I would summarise our work with the following points:

a) The task: We discussed the presentations of the plenary and the way in which the different perspectives (or schools of thought) can be taken into account in the LL project. In this context we acknowledged the diverse positions, frameworks, and theories – some contrasting each other whilst others being complementary to each other. We also noted that some are more underpinned with empirical work whilst others were at higher level of abstraction. From these starting points we worked towards a joint understanding, how to make good use of the different background theories.

b) Approach to theory v.s. theories : We debated the issue ‘unified vs. pluralist view(s)’ as possible way(s) forward. We drew attention to the fact that some of the theories/concepts were not addressing conflicts of interest (or power relations) in working life. As a contrast, others saw them as key issues. Therefore, some theories provide a basis for ‘management tools’ whilst others give insights into conflicts that prevent innovations or lead to unexpected consequences. Taking such tensions into account we pointed to possibilities for drawing together the work from case studies or surveys, from qualitative or quantitative perspectives.

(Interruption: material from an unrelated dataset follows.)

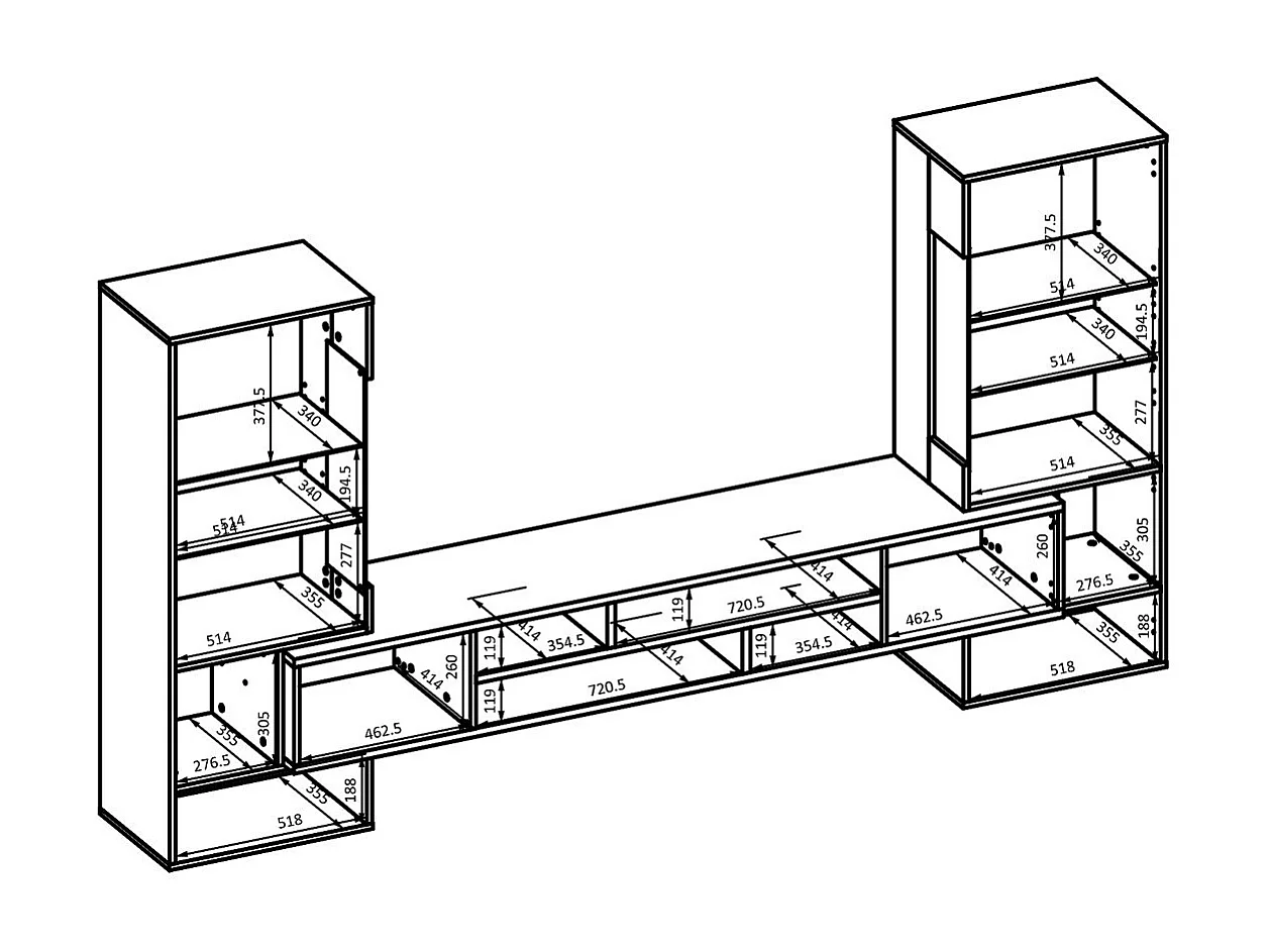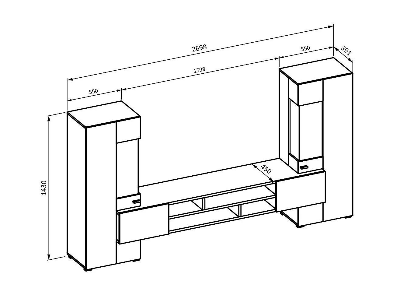 Conjunto de 3 muebles de salón colección KOBEE. Color negro y roble.

c) Implications for methodology v.s. methodologies: In this context we discussed the parallel use of data from the empirical studies of WP1 and from participative co-design processes and stakeholder talks. We also discussed, in which way the LL project can clarify its commitment or affiliation to ‘action research’ (as indicated in the deliverable of the WP7).  We noted that there are conceptual and epistemological tensions between ‘design research’ and (classical) ‘action research’ that are being debated in the literature. We also noted that there are German conceptualised traditions of ‘accompanying research’ (Begleitforschung) that refer to innovation programmes on Work & Technology or to model/pilot projects in vocational education and training(VET) that are less known elsewhere.

d) The issues of Intervention and Impact: In this context we had a discussion, in what ways the LL project is expected to show impact as Research, Technology & Development (RTD) project. We all agreed that there was a consensus on working with participative design processes and the interventions were essential for the knowledge development approach. However, there were differences between university traditions and/or evaluation procedures, to what extent researches should prioritise impact on theoretical level (academic publishing) or impact on practice (getting evidence on project-generated changes in working life).

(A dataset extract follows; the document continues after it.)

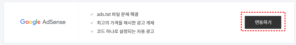 수익을 클릭하면 아래와 같이 구글 애드센스 창이보이고 이곳에서 연동하기를 클릭해 줍니다.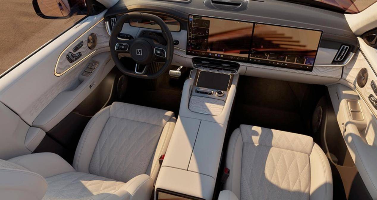 内饰部分是环抱式座舱布局,采用Nappa真皮、翻毛皮车顶、没有廉价的塑料感,采用的是16英寸OLED双联屏(中控屏+副驾娱乐屏)搭配AR-HUD,组成四屏交互矩阵,双高通8295芯片驱动,怀挡式的设计内部空间是释放出来了,提供五座、六座两种布局。

e) The issue of desired outcomes in the field: In this context we discussed the prospect of changing attitudes to knowledge sharing. Here the key issues were “tolerance of uncertainty”, “willing to share” and “ability to share knowledge”. The strategies to promote such changes were linked to phrases ‘mindlines not guidelines’ (in the healthcare sector) and to the capability for social shaping of work, technology and environment (Gestaltungsorientierung) in the construction sector. In this way we tried to link the efforts to promote new competences/ capabilities in using Web 2.0 technologies (in the context of work or workplace learning) to the empowerment of users.

f) The conclusion: The group supported the initiative to continue with Theory Camp session(s) in the Bremen consortium meeting. We proposed the following title: “The Impact of the Learning Layers project on Theory and Practice”. We discussed some ideas that can be taken as topics or cross-cutting themes:

  • Connections between learning processes at the level of teams/ groups, organisations, networks, clusters and (‘learning’) regions;
  • Readiness for sharing knowledge; sharing in networks and/or in multiple networks;
  • Promoting new capabilities – the role of networks, organisations, teams and peers;
  • The role of intervention research approaches (action research, accompanying research, design research etc.) in working with and conceptualising such issues.

This is as far as we got in Aachen. The discussion on the follow-up is going on.